A new plan from the Brookline would change the amount of money paid annually for water and sewer services, increasing for some customers. As water use has decreased, so too has the revenue. DPW Commissioner Andrew Pappistergion presented a plan to combat this using a rate increase and a base charge, and adding a fire Service Charge, at last night's Selectmen's Meeting.
Pappistergion explained the increases, "This is designed to incur larger revenue from larger users. Historically they were the people–I hesitate to use the phrase–not paying their fair share of the load."
The cost increases will range depending on the size of a property's water meter. The majority of places in Brookline use a 5/8-inch meter.
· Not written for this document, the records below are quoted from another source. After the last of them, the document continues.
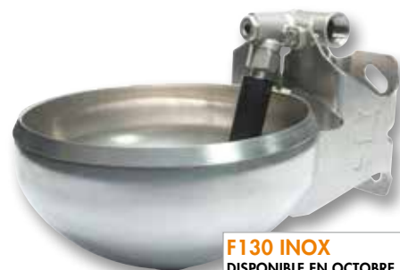
F130 INOX DISPONIBLE EN OCTOBRE 2016 - RÉF 3217

Pour rappel, le raccord d'alimentation pour le F110 Inox se fait par le haut alors que le F130 Inox dispose d'un branchement multidirectionnel. Il conviendra aux installations en circulation antigel munies d'un SPEED-FLOW ou autre. Ces deux options permettent une adaptation à tous les élevages.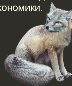
Vulpes corsac in winter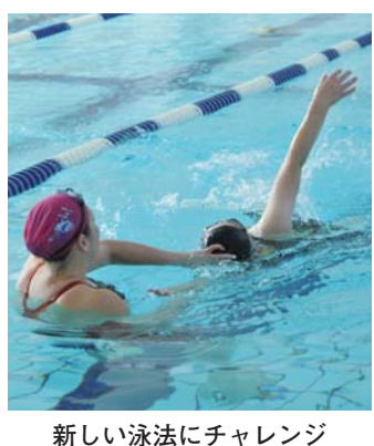
新しい泳法にチャレンジ

浜川温水プールの教室 いずれも、対象は市内に在住か通勤、在学の18歳以上の人です。プール入場料410円が毎回別途必要です。申し込みは、締め切り日までに、往復はがきに住所・氏名・年齢・電話番号・教室名・クラス名を書いて、〒370-0081 浜川町1575の1 浜川プール(☎344・5511)へ。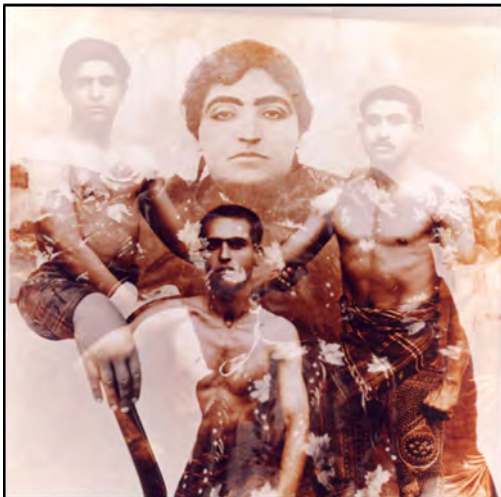
تصویر ۲، بهمن جلالی، قهوه‌ای، ۱۳۷۸. Figure2, Bahman Jalali, Brown, 2000

http://www.silkroadartgallery.com/bahman-jalali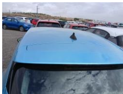
Imagen - 17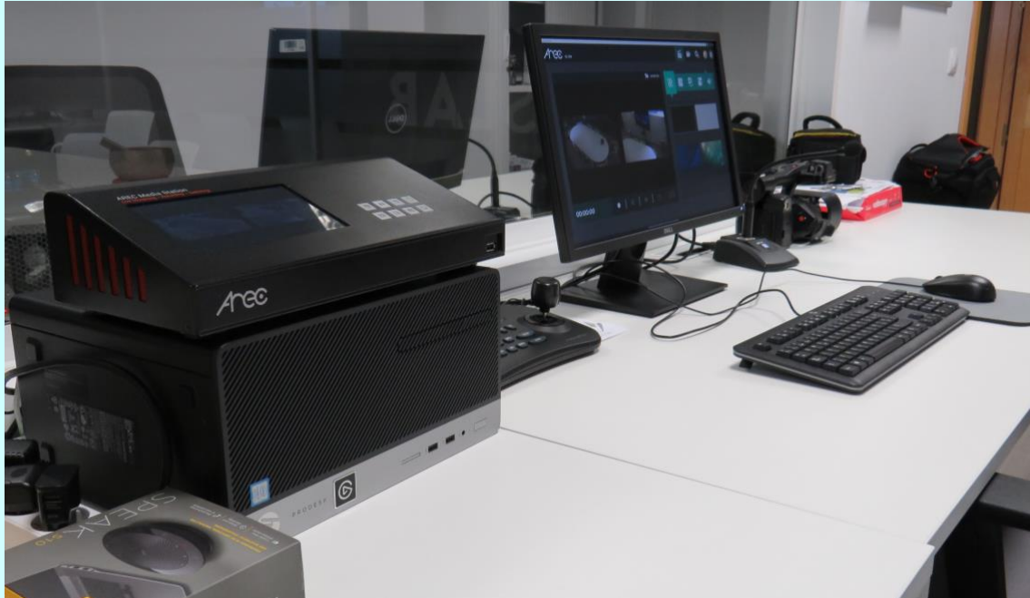
Equipo profesional de grabación y edición audiovisual.

En general, esta iniciativa puede ser de interés para todo/a estudiante que curse sus estudios en alguna de las titulaciones de la Facultad de Ciencias Sociales. El FCS-LAB cuenta con un gran potencial para la realización de tareas prácticas de curso, Trabajos Fin de Grado, propuestas de Prácticas de Campo o Externas u otros proyectos formativos asociados a la investigación e intervención social. Además, la producción de datos primarios adquiere un nivel alto de calidad gracias a los dispositivos para la recogida de audio y vídeo que se encuentran instalados en las diferentes salas, lo que facilita su posterior tratamiento analítico.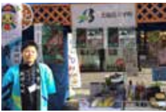
「例年、道内外のイベントで特産品を販売するブース等を行っていますが中止となり、町をPRする機会が減少しました」

新型コロナウイルス感染症の感染拡大により、例年2日間ですら人も来場者が訪れる町最大のイベント「うまかまつり」が中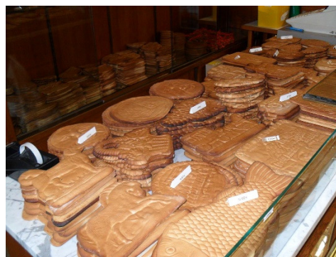
Slika 8: Couque biskvit

Ko govorimo o nočnem življenju Belgije, obstaja veliko možnosti, med katerimi lahko izbiramo – od najbolj intimnega in majhnega puba in mnogih nočnih klubov do hipnotičnega glasbenega festivala, kot je legendarni Tomorrowland.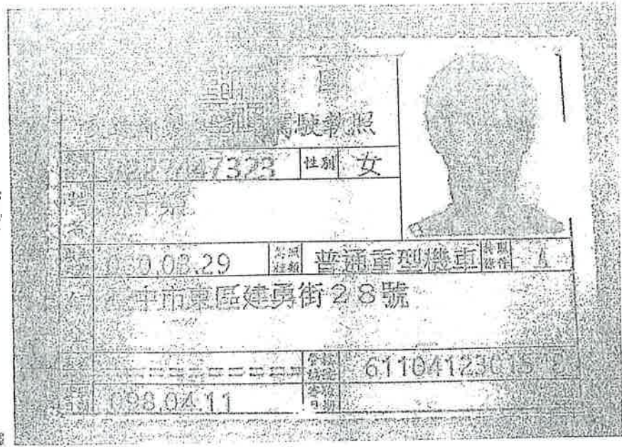
Image generated by the National Traffic Police Bureau of the Republic of China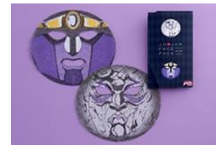
『ジョジョの奇妙な冒険フェイスパック』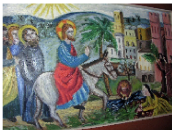
Inntoget i Jerusalem palmesøndag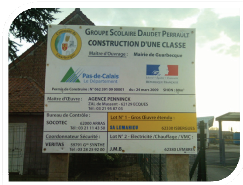
La construction d'une classe à l'école Daudet Perrault a démarré le 15 février, elle sera à la disposition des élèves pour la rentrée de septembre.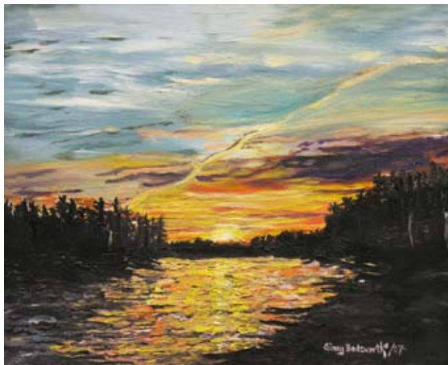
BOD004 - Night Sky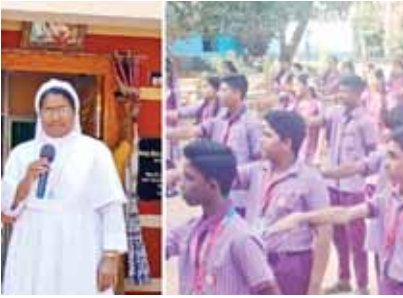
ఓటర్ల దినోత్సవం సందర్భంగా విద్యార్థులచే ప్రతిజ్ఞ

బంగారుపాళ్ళం, మేజర్స్ న్యూస్: స్థానిక సెయింట్ మేరీస్ ఇంగ్లీష్ మీడియం పాఠశాలలో గురువారం జాతీయ ఓటర్ల దినోత్సవం భాగంగా విద్యార్థుల చేత ప్రతిజ్ఞ చేయించారు. ఈ సందర్భంగా పాఠశాల ప్రధాన ఉపాధ్యాయురాలు ఎల్వీపీఎం మాట్లాడుతూ ఒక మనిషి విలువ గురించి తెలియజేసేదే ఓటు హక్కు అని అన్నారు. 18 సంవత్సరాలు నిండినవారు తప్పనిసరిగా ఓటు నమోదు చేసుకోవాలని కోరారు. ఈ కార్యక్రమంలో పాఠశాల ఉపాధ్యాయులు, విద్యార్థులు పాల్గొన్నారు.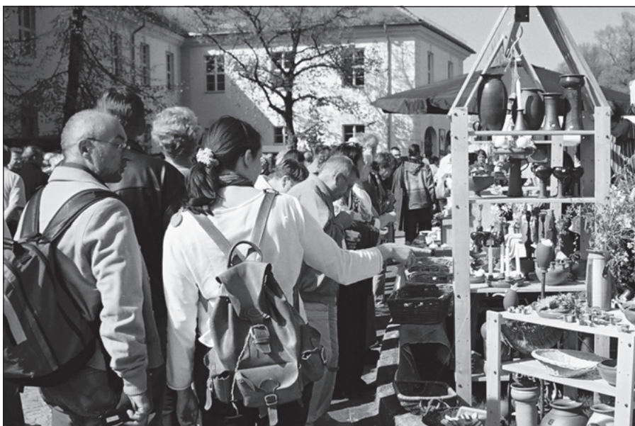
Großer Andrang: 1. Königlicher Wusterhausener Keramikmarkt 2005

Der Markt ist am Samstag, 29. April, von 10 bis 20 Uhr und am Sonntag, 30. April, von 10 bis 18 Uhr geöffnet. Der Eintritt kostet an beiden Tagen 1,00 Euro. Kinder bis 14 Jahre haben freien Eintritt.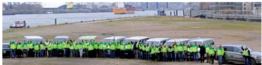
Von den Betreuer-Teams ein herzliches Hallo aus Hamburg!

Schwerin/Hamburg. Anfang Juli steht für die Polizei mit dem G20-Gipfel in der Hansestadt an der Elbe ein großer Einsatz bevor. Um den Tausenden Kolleginnen und Kollegen aus ganz Deutschland den sicherlich viel abverlangenden Einsatz ein wenig zu erleichtern, wird auch ein Großaufgebot an Betreuern der Gewerkschaft der Polizei (GdP) vor Ort sein. Wir hoffen auf ein friedliches und glimpflich ausgehendes G20-Treffen! Passt auf euch auf und kommt immer gesund aus den Einsätzen nach Hause.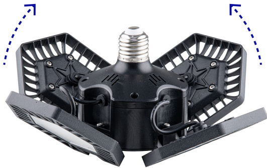
Paneles abatibles 90°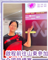
啟程前往山東參加全國錦標賽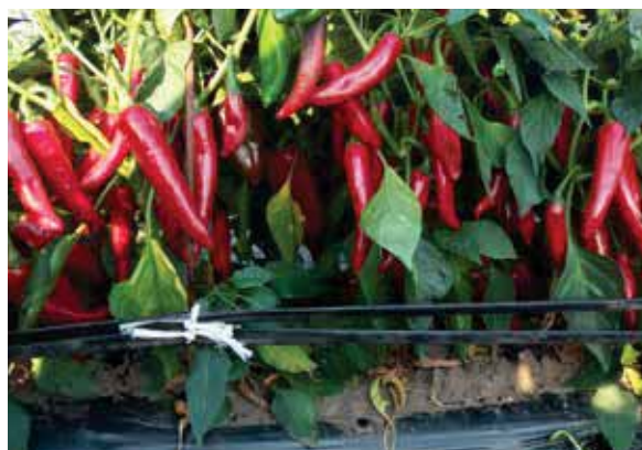
Palotás F1 - iznadprosječan broj plodova, rekordan urod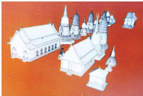
ภาพลัคนิฐานจากโบราณสถาน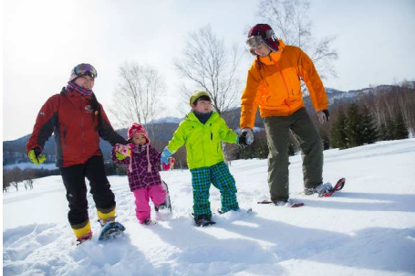
スノーシュー／生活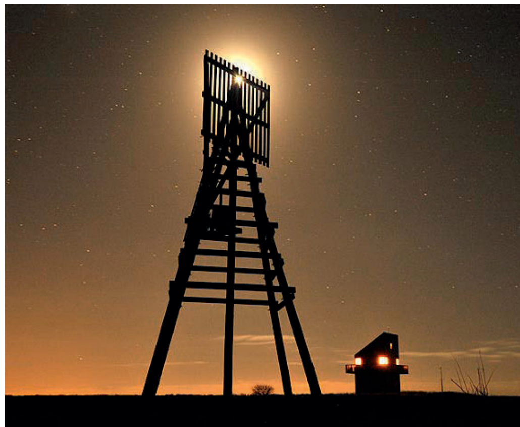
De Kaap en het vogelwachter huisje op het Vogeleiland Griend tijdens een heldere nacht, met een mooie sterrenhemel.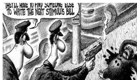
Caricatura del New York Post: ambigüedad del texto

Más clara, desde la óptica del discurso discriminatorio, es la imagen del New York Post en la que dos policías acribillan a un mono, por la ambigüedad del texto: "Tendrán que encontrar a otro para que escriba la próxima ley del estímulo" 9 . Aunque la caricatura podría ser interpretada a partir de un acontecimiento reciente -un chimpancé fue tiroteado en Connecticut- otras lecturas asociaban al animal con el máximo mandatario estadounidense que la vispera había anunciado la ley del estímulo económico.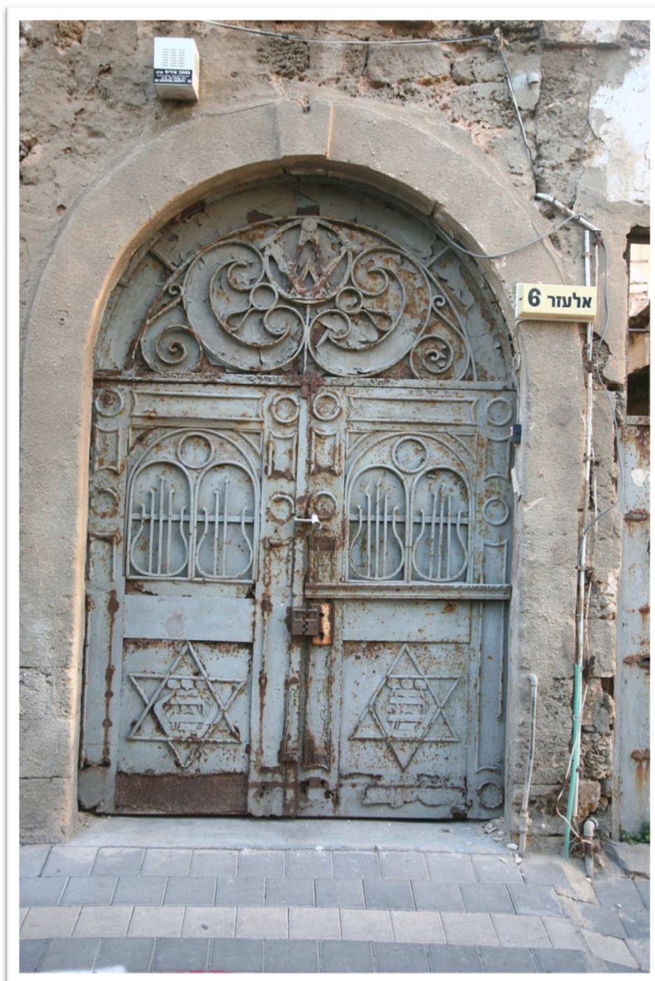
שער המבנה 'שערי תורה' כיום. דלתות אלו נבנו ע"י תלמידי בית המלאכה שפעל במקום

עם זאת, יש לזכור שהישיבה פעלה במשך כשבע שנים, ותלמידים נכנסו ויצאו בה, כך שסביר להניח שבסך כל שנותיה של הישיבה, מספר התלמידים שהתחנכו בה הגיע לעשרות רבות.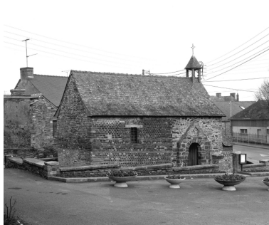
Vue générale sud-ouest IVR53_19933500092X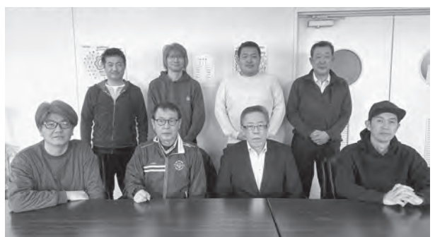
三年間の任期を終えた編集委員

今年「みやま」編集会議198号から始まり、この年「みやま」創刊200号という記念的な節目に特集号を組みました。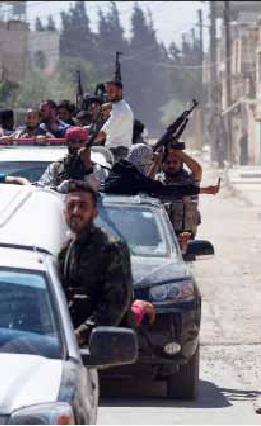
قصف الجيش اللبناني للمعارضة السورية قد يؤثّر المجتمع الدولي والعربي على الجيش ولبنان معا (أ ف ب)

في المقابل، سألت مراجع سياسية كيف يمكن الجيش أن يرد على مصادر النيران. فقصف المعارضة السورية انطلق من خارج الحدود اللبنانية، من بقع عمليات متنازع عليها، وباتت الآن في يد الجيش النظامي، وأي قصف للأراضي السورية يعني قفراً فوق كل الاعتبارات الحدودية والعسكرية والأمنية. ويعتبر تدخلاً في الشؤون السورية الداخلية، وانحيازاً لفريق دون آخر، مع العلم بأن احتمالات تجدد القصف باتت ضئيلة، بعدما سيطر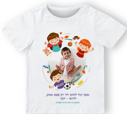
חולצה הדפסה צבעונית - 19 ש"ח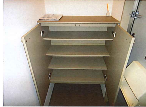
シューズボックス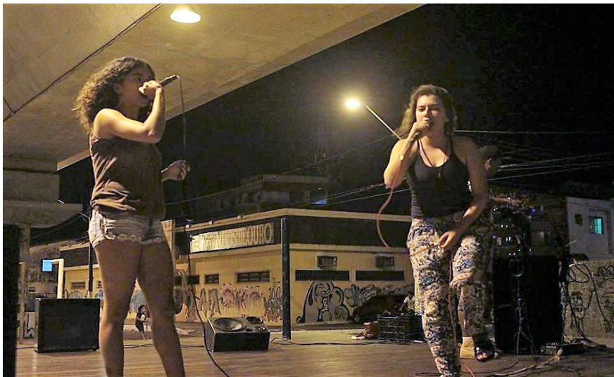
Imagem 16: Apresentação do grupo Guerrilheiras na 3ª edição das Mulheres de Luta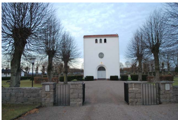
Fasad mot söder.

Sadeltaken på långhus och torn är belagda med röda enkupiga tegelpannor. Tornets takfall har omvänd riktning mot långhusets. Pannorna ligger i bruk ända ut på gavlarna utan täckplåtar. Takavvatningen är av vit plåt.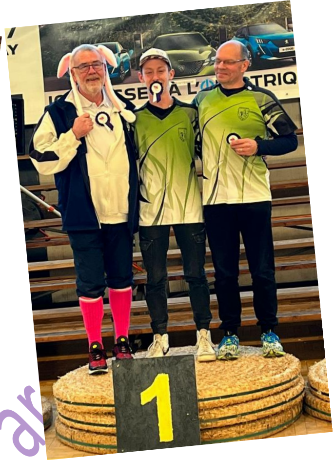
Miss Stéphane avec de belles chaussettes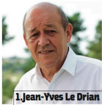
1. Jean-Yves Le Drian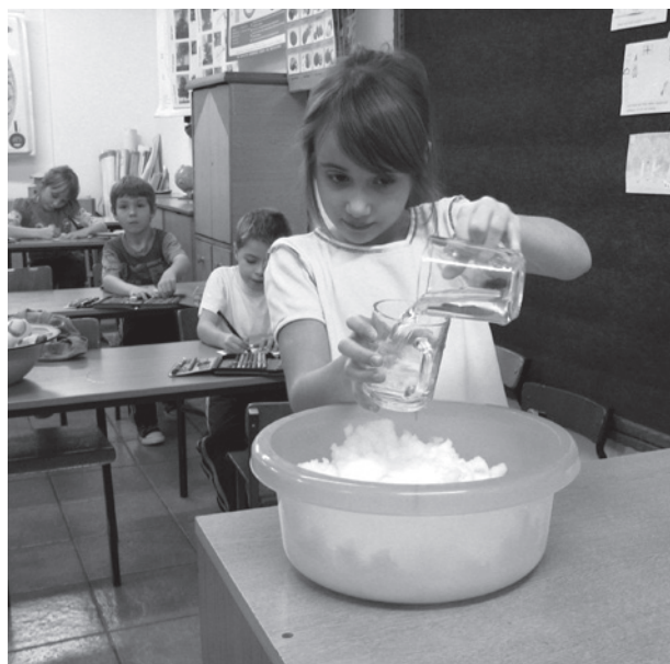
Publiczna Szkoła w Januszkowicach, realizacja projektu wodnego w szkole, fot.: Bernadeta Smolińska

W ramach projektu podjęto szereg działań mających na celu przybliżenie uczniom oraz społeczności lokalnej skali problemów wynikających z braku dostępu do wody pitnej oraz zagrożeń wynikających z pozbawionych refleksji i wiedzy sposobów korzystania z zasobów czystej wody. Uczniowie należący do Klubu Humanitarnego oraz cała społeczność szkolna zrealizowali zadania zaplanowane w projekcie. Poza zajęciami lekcyjnymi, których osnową stał się problem wody, uczniowie przygotowali wystawę plakatów, prezentacje multimedialne, przeprowadzili imprezę pod tytułem „Wodne eksperymenty – złoto jest niebieskie...”. Po obliczeniu ilości zużytej wody w gospodarstwach domowych oraz w szkole ogłosili akcję „Oszczędzamy wodę”. Aby poznać inny wymiar korzyści wynikających z siły daru natury, jakim jest woda, wybrali się na wycieczkę do Elektrowni Wodnej w Januszkowicach na Odrze. A na koniec wydali gazetkę poświęconą zadaniom realizowanym w ramach projektu.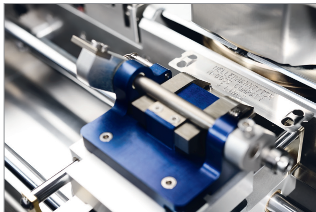
Uma ampla gama de tamanhos de placas para se adaptar às suas necessidades.

Por exemplo: Para uma aplicação solar, poderia receber as suas placas de identificação de cabos, não só impressas, como também com as abraçadeiras fixas, e seriam entregues juntos os «positivos com os negativos», para além de que cada «string» seria vendido por separado.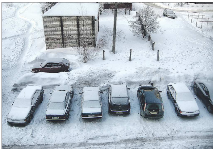
Новые градостроительные нормы могут увеличить скопление автомобилей во дворах Екатеринбурга

Безусловно, радует стремление мэрии столицы Урала четко определить, какие объекты можно возводить в той или иной части города, но бурную дискуссию в гордуме вызвало решение изменить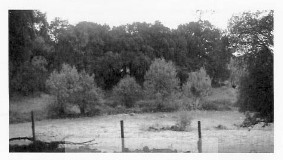
Bosque de alcornoques asociados a pinos y otras especies

y llanas, debido a la mayor capacidad del suelo para retener la precipitación (es curiosa, en cambio, la asociación pino albar-encina en la parte oriental del valle, donde llegan a formar bosqués estratificados ocupando las copas de los pinos el horizonte superior (10-15 m) y las encinas el inferior (esto se puede comprobar en el cerro Pinosa en Sotillo) y nos asombra la casi nula coexistencia entre robles y encinas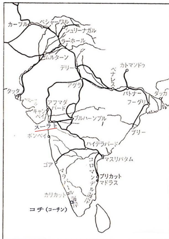
17世紀インドの主要交通路とスーラト

ポルトガル（1500-1663）支配下のケーララのコチ（コーチン）はコスモポリタンな都市であったように見なされたが、ポルトガル人や他のヨーロッパ人の居住区と現地のラージャ（王）やユダヤ人、ムスリムの居住区とに大きく2区分されていたし、その後オランダの支配下にはいった後も住民の流動性や統合性はスーラトより低かった。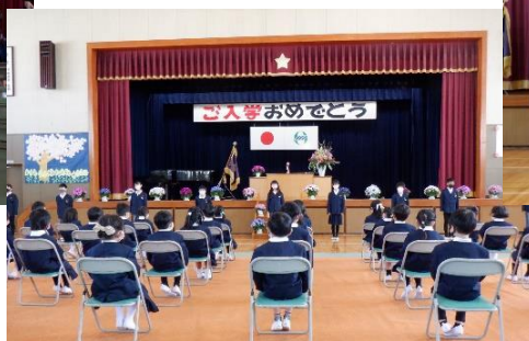
6年生の歓迎のよびかけ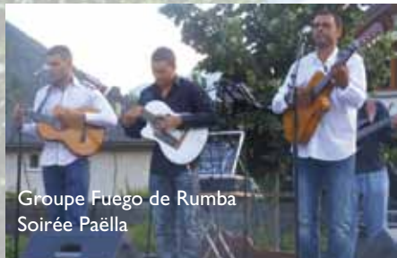
Groupe Fuego de Rumba Soirée Paëlla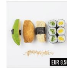
97. Vegetarian Mix (v) Nigiri: Inari, Tamago, Avocado Maki: 3 Gurke, 3 Rettich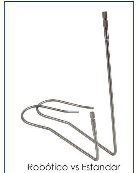
Robótico vs Estandar

que ofrece Retradores Nathanson robóticos - diseñados para eliminar la interferencia del brazo durante los procedimientos robóticos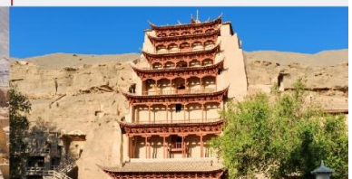
ชมถ้ำหินมั่วเกาฉู่

Meters range from 5/8 or 3/4-inches all the way up to 4-inches. The higher meter sizes will see a significantly higher base charge, but there are also considerably fewer of them. While nearly 6000 users have the 5/8-inch meter, only 24 use a 4-inch size.
Pappistergion pointed out that the base charges will only cover about 31% of the fixed operating and debt costs. This is with the typical base charge of $200 for most residential customers. To recover 100% of fixed operating and debt costs, the same base charge would have to be $640. All of these costs are paid quarterly.
To the majority of users (68% with the 5/8 meter), the estimated average decrease will be about $30 per year. The slightly larger 3/4-inch meters may see about $7 added onto their annual bill. The 41 users with a 3-inch meter are estimated to see an extra $500 on their bill.
Currently, fire irrigation systems, like fire sprinklers, are not metered. Pappistergion says the DPW is not allowed to monitor those. Meaning that, after installation, there are no additional costs for those systems.
"Even if the fire irrigation system works correctly, and they used a million gallons of water to fight a fire within the building, there's no charge from the town. Ever." Pappistergion explained, " So it was time to take a look at fire service customers carrying their fair share."
The proposed plan is to add a Fire service capacity charge to properties with fire services installed, which would be based on the size of that fire service. Possibly netting $225,000.
Public buildings could also pull in about $400,000 for the DPW. Public uses would also be billed, using the same structure as residential and commercial properties. Pappistergion noted that has already been put into the 2012 budget
The plans are not yet being put into place, and public input will be sought before any action will be taken.
"We think it deserves a public hearing," Pappistergion added.
The public hearing will be on the agenda two weeks from tonight.